Doubly Special Relativity in Position Space Starting from the Conformal Group

TL;DR

This paper develops a position-space formulation of doubly special relativity based on conformal group deformations, introducing a new invariant scale and analyzing particle motion with modified Lorentz transformations and energy-momentum relations.

Contribution

It presents a novel position-space DSR model using conformal transformations that preserves maximum signal velocity and introduces a new invariant scale, with detailed analysis of particle dynamics.

Findings

Maximum signal velocity is observer-independent in the model.

The conserved energy-momentum differs from the canonical momentum.

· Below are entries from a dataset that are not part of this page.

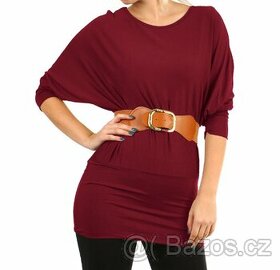 Dámské tričko s netopýřími rukávy - vínová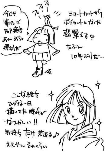 ここのところ、昔のイラストマンガを引っ張ってきてるんですが、 このときショートカットだったんですよね~ で、ボブになった現在を描いてみました。 描くっていうと、年末のPOPオンパレードが一段落。 また品物が入ってきたら、それぞれ描くんですが・・・…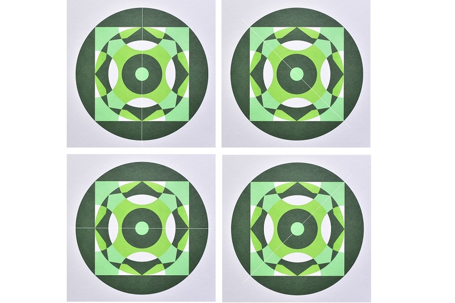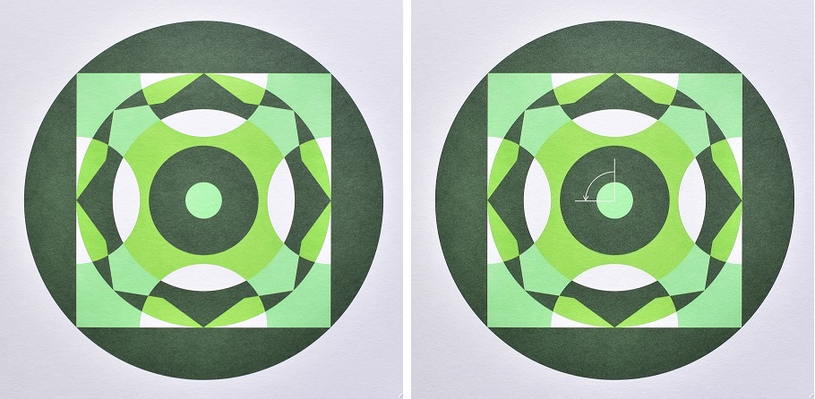 Come si è detto tutte in un modo o nell’altro prevedono quadrati inscritti in cerchi e viceversa, ma ognuna lo fa utilizzando motivi, colori e ‘trucchi’ diversi. Molte figure geometriche, ad esempio, non hanno contorni ben definiti, ma distinguibili (immaginabili?) con l’ausilio di diverse regioni colorate. Si pensi (prima stampa in alto a sinistra) al cerchio inscritto nel quadrato che a sua volta è inscritto nel cerchio più grande.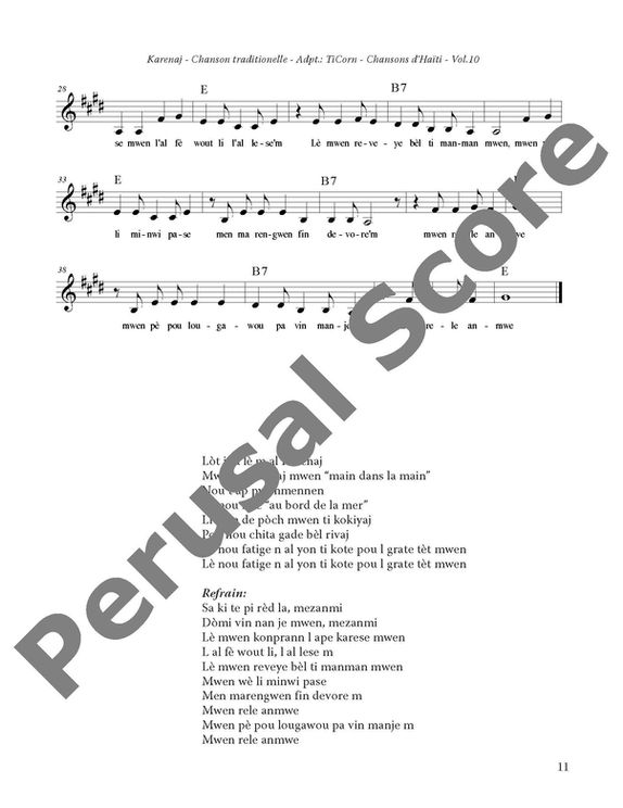On the other hand, musical notations (e.g., moderato, chorus, intro, reprise, bridge, ad libitum, etc.) are not written in Creole.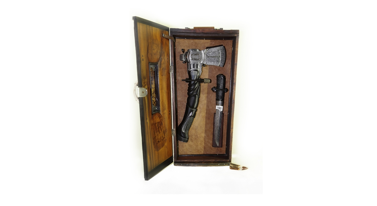 Размеры: Топор: Длина топорища — 360 мм Высота топора — 178 мм Длина лезвия – 85 мм Нож: Общая длина — 282 мм Длина клинка — 127 мм Ширина клинка — 24 мм Материал: Короб: внешняя сторона коробки – кап сосны, внутренний каркас коробки – древесина ясеня, дубленая кожа оленей, вставки – арктическая береза, рамки на коробке – эбеновое дерево, замок – кость мамонта, металлические детали – дамаск «кожа дракона», крепежные детали – черное дерево, пластины с гравировкой – патинированная латунь. Топор: лезвие – дамаск «кожа дракона», рамка – золото 18 карат, закрепительная часть — серебро, латунь, рукоять — черное дерево, накладка – выкрашенная в голубой цвет кость мамонта, арматура – дамаск. На обухе – гравировка. Нож: основа для лезвия — заготовка из углеродистой стали, украшение – слой мозаичного дамаска, серебряный хабаки, ручка из черного дерева Вот как сам мастер говорит о своем изделии: «Основной идеей создания этой композиций стало сотворить нечто, не подвластное времени. Я захотел создать такую вещь, как если бы она была найдена на корабле 500 лет назад. Идея для композиции навеяна историями из прошлого. По стилю я хотел максимально приблизиться к древней эре викингов с её довольно грубой культурой и битвами, чтобы гладкая поверхность и элегантность контрастировали с чем-то деревенским и грубым. Моим намерением было создать предметы, явившиеся из прошлого, с использованием материалов из моего скандинавского наследия. Я постарался объединить различные стили, которые нравятся мне в искусстве, такие как арт нуво и японский стиль с элементами древнего шведского фольклора. Реликвия для коллекции знатного человека. Кусочек древней мифологии Севера. Именно об этом я хотел рассказать…»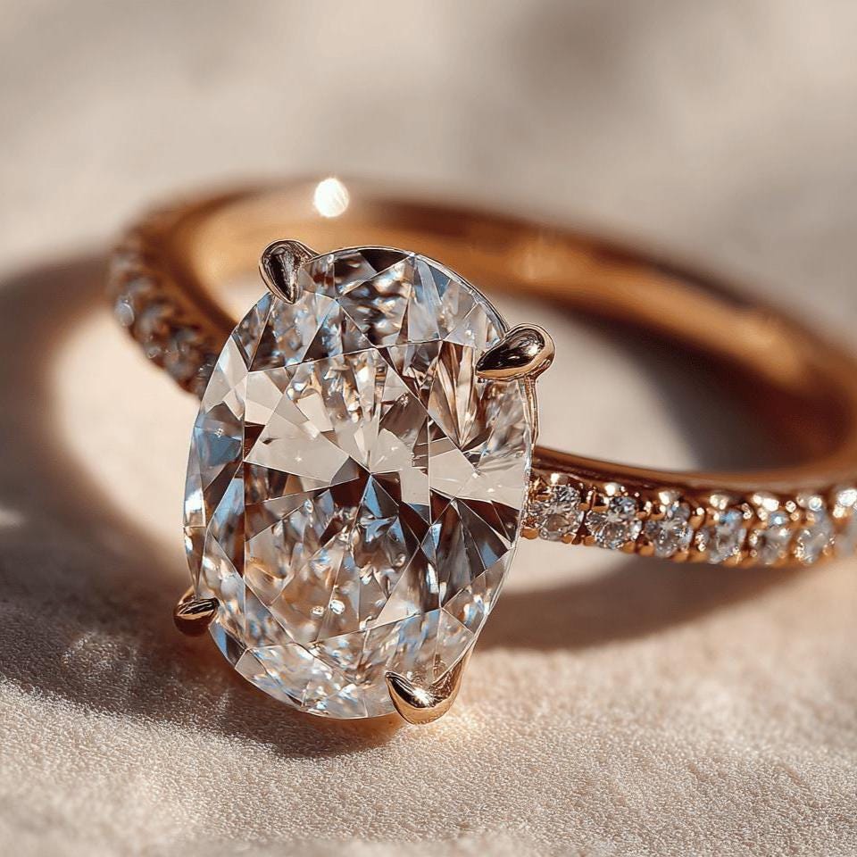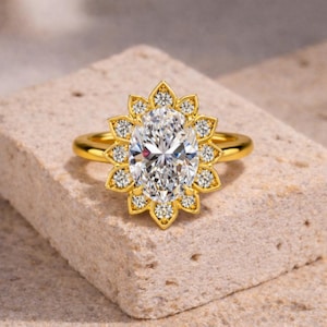 3.50 carat Oval Lab Diamond Engagement Ring, 14k Yellow Gold with Side Round Diamonds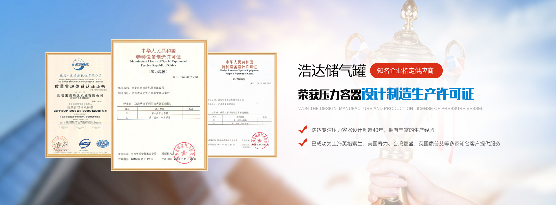 陜西較早獲得壓力容器制造許可證的廠家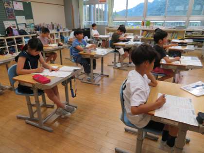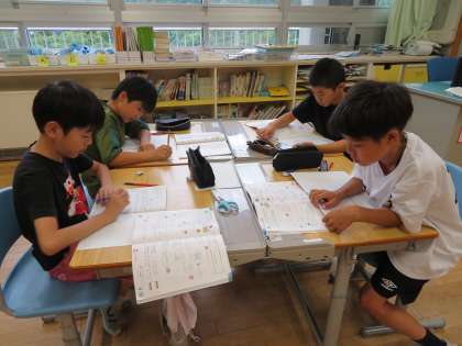 小数では、1より小さい数がでてきます。1より小さい数も10進法で成り立っていますが、なかなかイメージできないときがあります。グループ内で教え合いながらがんばろうとしています。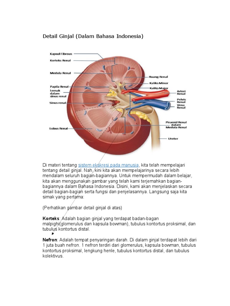 Bagian Bagian Ginjal Dan Fungsinya - Berbagai Bagian Penting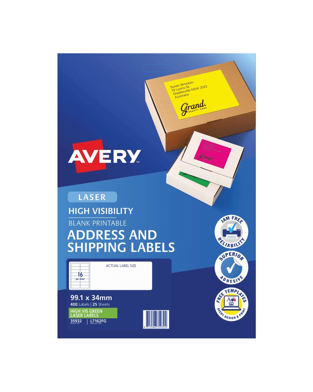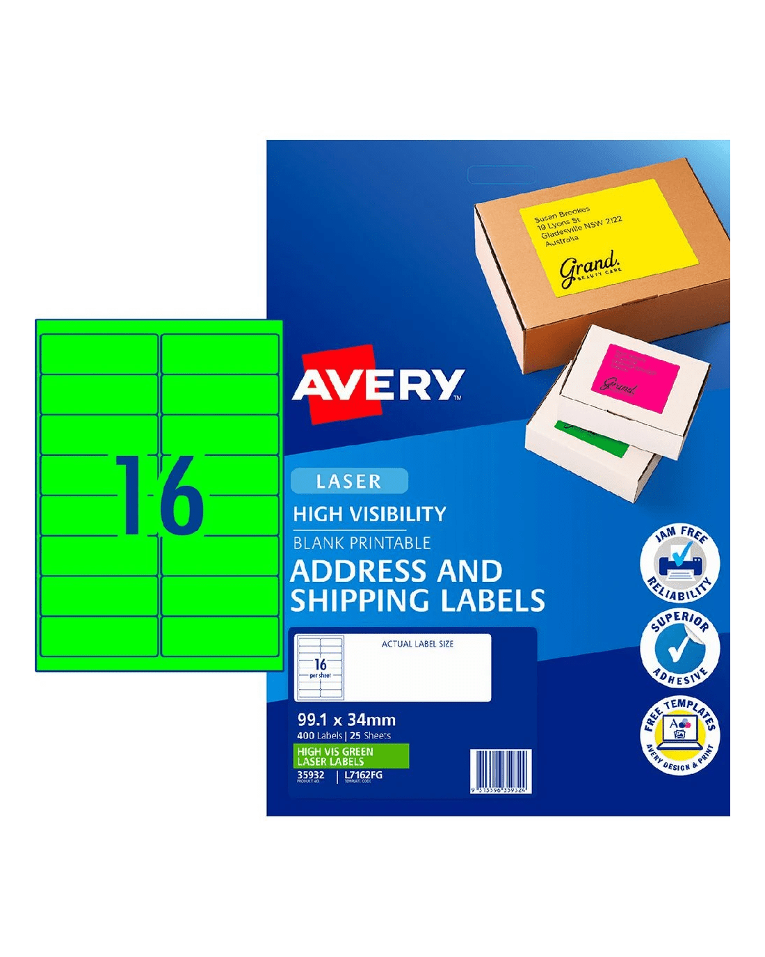 Sold by OfficeworksAvery 16UP Laser Signalling Labels Fluoro Green 25 Sheets

Standard Lorentz transformations apply in the space of conserved momentum.

Abstract

We propose version of doubly special relativity theory starting from position space. The version is based on deformation of ordinary Lorentz transformations due to the special conformal transformation. There is unique deformation which does not modify rotations. In contrast to the Fock-Lorentz realization (as well as to recent position-space proposals), maximum signal velocity is position (and observer) independent scale in our formulation by construction. The formulation admits one more invariant scale identified with radius of three-dimensional space-like hypersection of space-time. We present and discuss the Lagrangian action for geodesic motion of a particle on the DSR space. For the present formulation, one needs to distinguish the canonical (conjugated to $x^\mu$) momentum $p^\mu$ from the conserved energy-momentum. Deformed Lorentz transformations for $x^\mu$ induce complicated transformation law in space of canonical momentum. $p^\mu$ is not a conserved quantity and obeys to deformed dispersion relation. The conserved energy-momentum $P^\mu$ turns out to be different from the canonical one, in particular, $P^\mu$-space is equipped with nontrivial commutator. The nonlinear transformations for $x^\mu$ induce the standard Lorentz transformations in space of $P^\mu$. It means, in particular, that composite rule for $P^\mu$ is ordinary sum. There is no problem of total momentum in the theory. $P^\mu$ obeys the standard energy-momentum relation (while has nonstandard dependence on velocity).